Let’s keep going. Those trippy visions—the crushing glass, the hallucination of Margaret in a dance-class mirror, the eggs without yolks in them—what triggered these instances? If you die in the simulation, how exactly does that kill you in the real world? Why would Frank and co. choose to treat Alice with electroshock therapy, if that’s exactly what triggers the return of her real-life memories? Also, how does simulated electroshock therapy have an impact on her real, tangible brain?

But even if I could put these plot holes to bed, it wouldn’t change what is perhaps most vexing about Darling and its beleaguered plot twist: the question of whether Styles was miscast.

On one hand, Styles might have been born for this role. The character of Jack needed plausible deniability: to be charming enough for audiences to smile when he came onscreen, and to doubt or dismiss any of his more heinous behaviors. But he also needed enough moody interiority to harbor a twisted secret, one born of desperation and the stink of inferiority. As much as Styles is a lovely—and, at times, deeply introspective—musical artist, that same introspection has yet to translate well to the screen. I don’t quite buy Styles as anything close to red-pilled, even with his usually luscious locks clumped and greasy. That’s not enough evidence to write off Styles as an actor, but it doesn’t make a compelling case for why he was cast as Jack, the character Darling depended on to execute its biggest selling point: the plot twist. His sobs when Alice is dragged away are agonizing to watch, and his reveal as Alice’s captor is startling, but I have a sneaking suspicion my sympathies lie more with Styles more than they do with Jack.
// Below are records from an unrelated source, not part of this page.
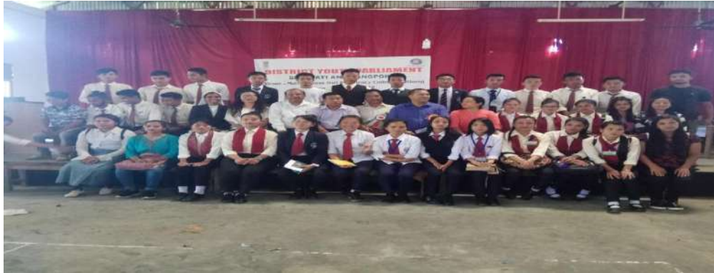
With the Youth Parliament Participants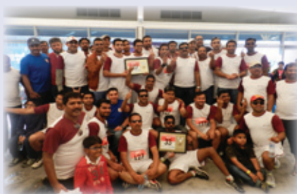
Team Almoayyed Computers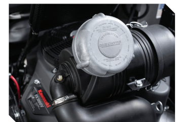
Turbinator® Pre-Cleaner – Exclusive feature removes debris for cleaner air.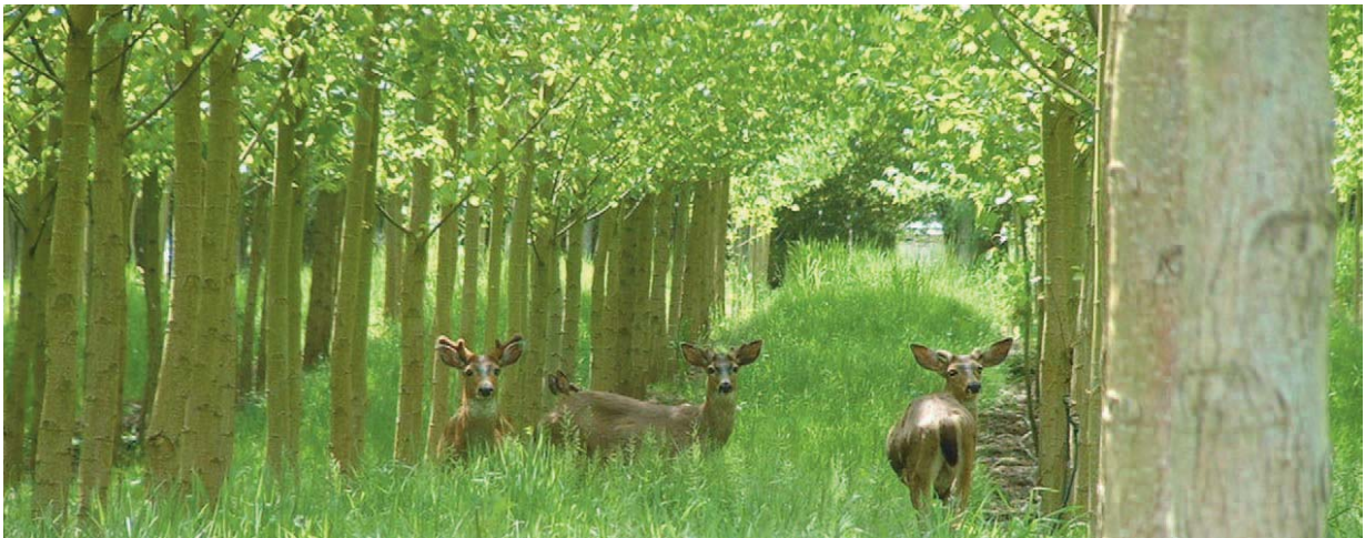
Spray irrigation of a poplar plantation in Woodburn, Oregon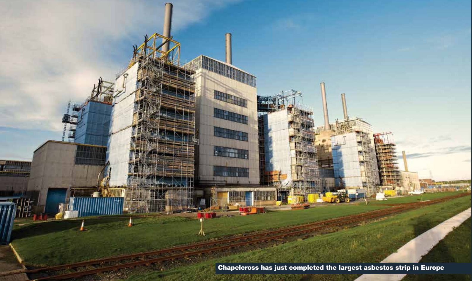
Chapelcross has just completed the largest asbestos strip in Europe

More than £1 billion of additional income from extended generation at Wylfa and Oldbury.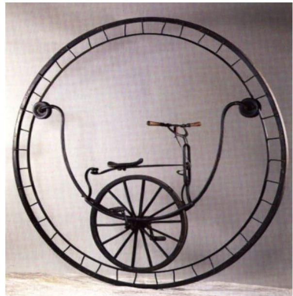
Fig 1: Old Mono Wheel Bike.

The engine is a 90cc four stroke from a Chinese quad bike. The quad engine is fully auto with electric start. The friction drive wheel is the rear wheel from a mini motor. It has a cable-opera.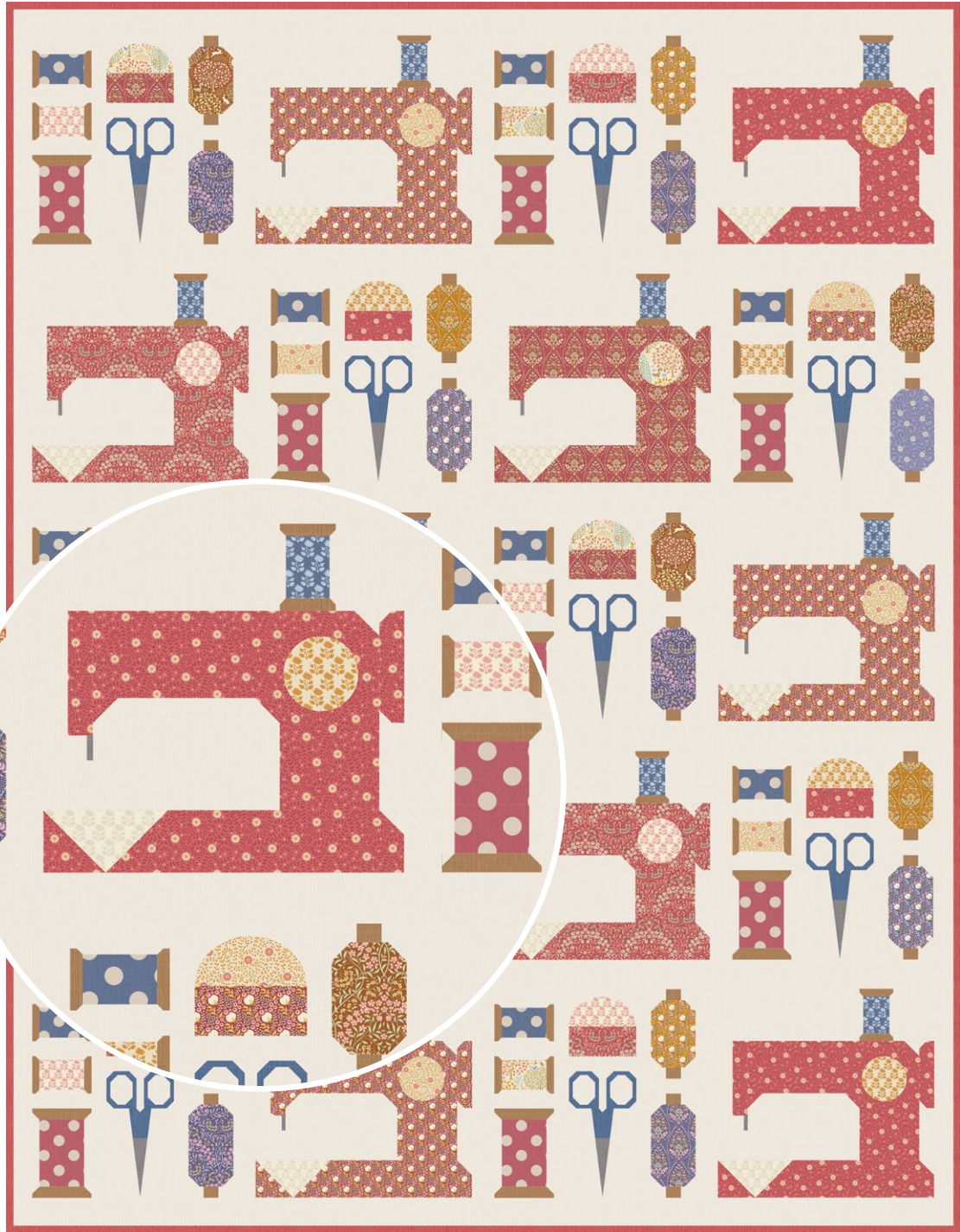
20240301 Make do and Mend Quilt Putty White 64 x 82,5 in (162,5 x 209,5)

The twist—America’s sweetheart playing something akin to an incel, forcing a woman into a simulation of sex and domesticity—is an intriguing one, but neither Styles nor the script he’s working from have enough rope to execute it with. And so Darling never meets its own expectations for itself. Its observations about sexism are already exhausted by the time real-world Jack trudges into the frame, his sweatshirt reeking of yesterday’s cologne.